Statistical inference ; Community detection ; Probabilistic model
The goal of the community detection is to resolve the modular community structure in complex network with the information contained in the graph topology structure. This is the key of network analysis. At present, it has been widely used in the fields of sociology, biology, physics and computer science. It is very important for people to understand the characteristics of complex system. A good community detection algorithm can find a variety of network structure and deal with all kinds of network (including a directed, undirected or weighted network). Its time complexity and space complexity can be controlled in large network. It must has a reliable theoretical basis and not be only empirically based heuristic method.

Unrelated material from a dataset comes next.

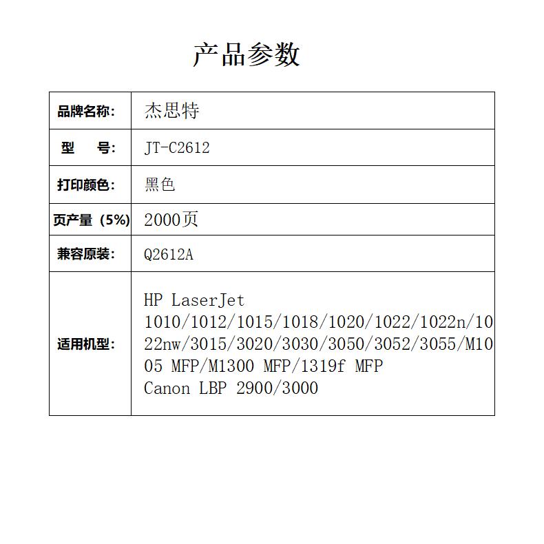 杰思特12A硒鼓JT-C2612适用q2612a 2612a墨盒惠普1005 1020plus 支 黑色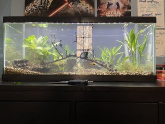 The water is cloudy in that picture because I had just rescaped the tank and there was dust from new rocks. Its clear now.

A community detection method based on statistical inference can identify the structure of the network with structural equivalence and regular equivalence, and fit the observed network with the generated model to obtain the nodes division and the structure of the network. The community detection method based on statistical inference has a complete probability theory and interpretation, and can better meet the standard of community detection algorithm. This paper reviews the research status of community detection model based on statistical inference and the main problems. The principle and application of each model are analyzed in detail. Finally, this paper discusses the future development prospects and problems of community detection method based on statistical inference.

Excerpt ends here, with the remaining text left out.